• **COLLECTED DATA**:
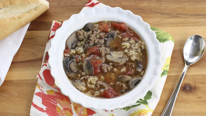 Put your slow cooker to work for a delicious soup full of rich beef and mushroom flavor.
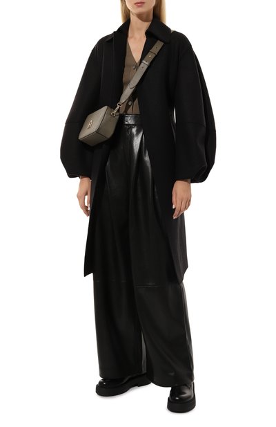 Брюки Tanjura2 с двойными защипами спереди и контрастной брендированной фурнитурой выполнили из искусственной кожи. Модель кроя loose fit дополнили боковыми прорезными и задними накладными карманами.
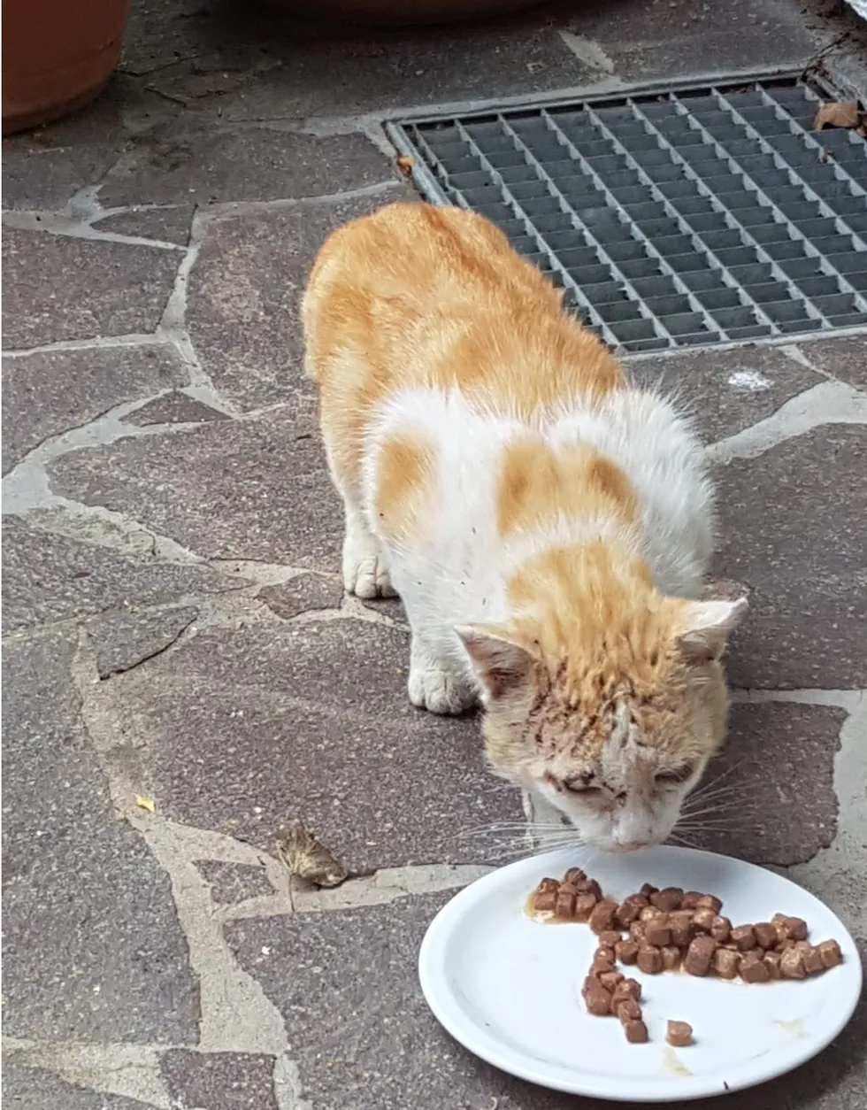 They offered him some cat food but he wouldn’t eat in front of them. The couple walked inside, closed the door, and watched him from afar. “It took about 10 minutes after closing the door until we saw him gulping down the food.”

• **WORK ITEM**: In the reply, every line of the material above is to be reproduced verbatim, and the images are to be left out.

• **ANSWER TO THE EXERCISE**:
 Put your slow cooker to work for a delicious soup full of rich beef and mushroom flavor.
 Брюки Tanjura2 с двойными защипами спереди и контрастной брендированной фурнитурой выполнили из искусственной кожи. Модель кроя loose fit дополнили боковыми прорезными и задними накладными карманами.
 They offered him some cat food but he wouldn’t eat in front of them. The couple walked inside, closed the door, and watched him from afar. “It took about 10 minutes after closing the door until we saw him gulping down the food.”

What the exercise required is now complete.